The above-described embodiment is an example of a preferred embodiment of the present invention. However, it is not limited to this,
Various modifications can be made without departing from the scope of the present invention.

[0020]

As is apparent from the above description, the wavelength tunable optical filter of the present invention has two semi-cylindrical light-transmitting bodies,
An optical filter unit is formed by forming a filter film whose filter characteristics change with respect to transmitted light according to a change in an incident angle on the film surface into a columnar body having a rectangular flat surface facing each other.

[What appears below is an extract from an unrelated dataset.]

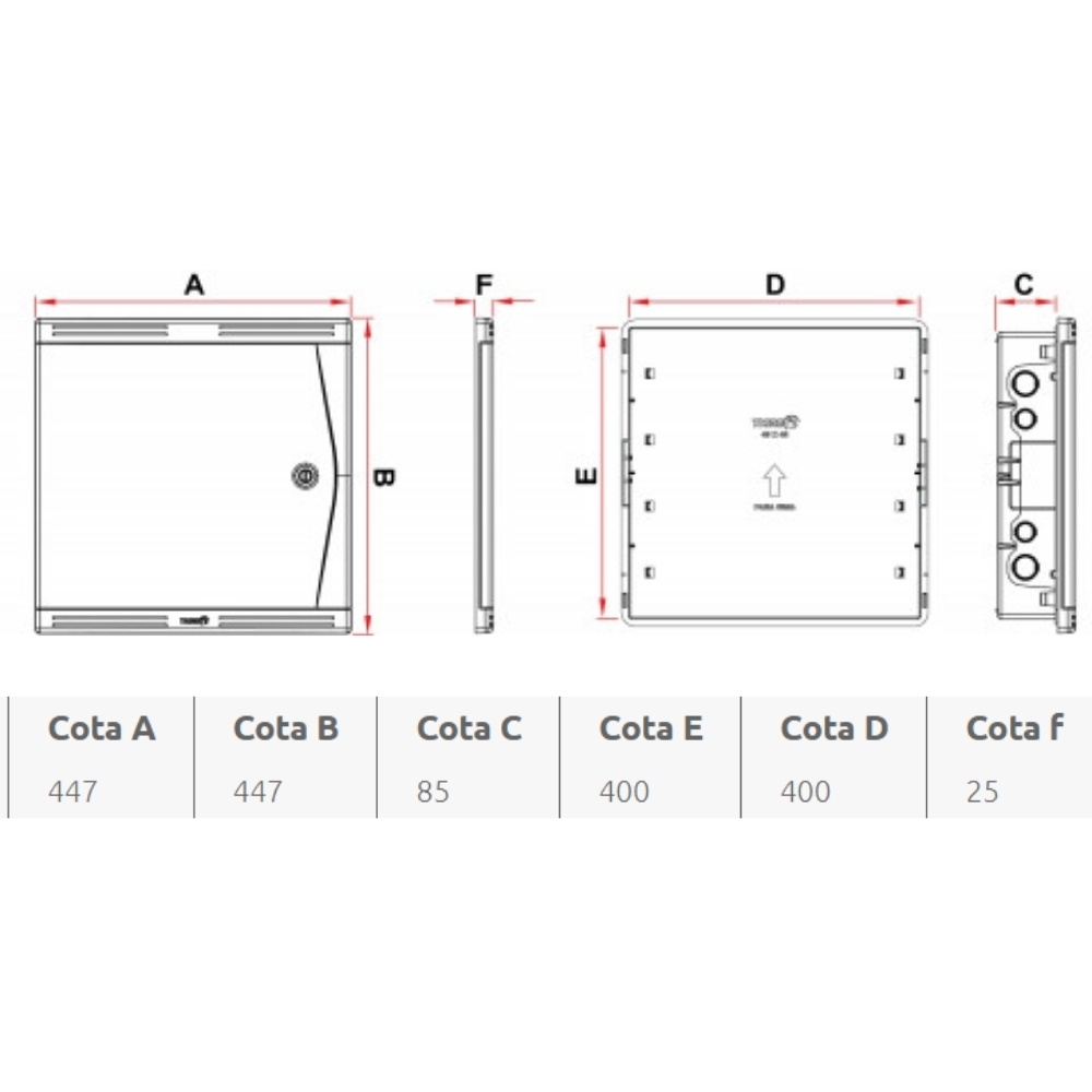 Com design inteligente, o quadro VDI Tigre é projetado para instalação embutida em alvenaria ou drywall, podendo também ser instalado de forma sobreposta. Conta com moldura com aletas de ventilação para melhor circulação de ar, porta reversível com opção para instalação de fechadura ou trinco, e placa de fundo móvel com pré-furos, facilitando a fixação de dispositivos e a manutenção das redes de TV, internet e telefonia.

Therefore, since the light transmission state of the cylindrical glass block through which the parallel beam is transmitted is constant regardless of the angle of the filter film, the parallel beam direction is not displaced. Therefore, the variation of the insertion loss of the wavelength tunable optical filter does not occur.

[Brief description of drawings]

FIG. 1 is a perspective external view showing an embodiment of a wavelength tunable optical filter of the present invention.

FIG. 2 is a diagram for explaining the configuration and operation of a wavelength tunable optical filter of Conventional Example 1.

[Explanation of symbols]

1 substrate 2 Incident side optical fiber unit 3 Output side optical fiber unit 4 First support member 5 First collimating lens 6 Incident side optical fiber 7 Second support member 8 Second collimating lens 9 Output side optical fiber 10 turntable 11 Optical filter unit 12 First glass block 13 Second glass block 14 Filter membrane

Claims (6)

(57) [Claims] 1. According to a change in an incident angle to a film surface between an incident side optical fiber and an outgoing side optical fiber, which are installed to face each other on the same optical axis, and the incident side optical fiber and the outgoing side optical fiber. And a filter film whose filter characteristics change with respect to transmitted light, and two semi-cylindrical light-transmitting bodies that form an optical filter unit by forming a columnar body in which the respective rectangular planes face each other and enclose the filter film. And a variable wavelength optical filter having a variable angle with respect to the optical axis of the optical filter unit. 2. The wavelength tunable optical filter according to claim 1,
Further, the wavelength tunable optical filter is characterized in that it has a turntable for varying a surface angle of the filter film with respect to the optical axis, and an optical filter unit is mounted on the turntable. 3. A wavelength tunable optical filter, wherein the turntable and the cylindrical optical filter unit according to claim 2 are mounted on the same rotary shaft. 4. The wavelength according to claim 2, wherein the incident side optical fiber and the emission side optical fiber according to claim 2 and the turntable on which the optical filter unit is mounted are installed and configured on one substrate. Variable optical filter. 5. The wavelength tunable optical filter according to claim 4, wherein the incident side optical fiber and the emission side optical fiber are fixed to a supporting member mounted on a substrate, respectively. 6. The support member according to claim 5, further comprising:
A tunable optical filter, characterized in that collimator lenses are respectively fixed on the rear side of the incident side optical fiber and the front side of the emitting side optical fiber.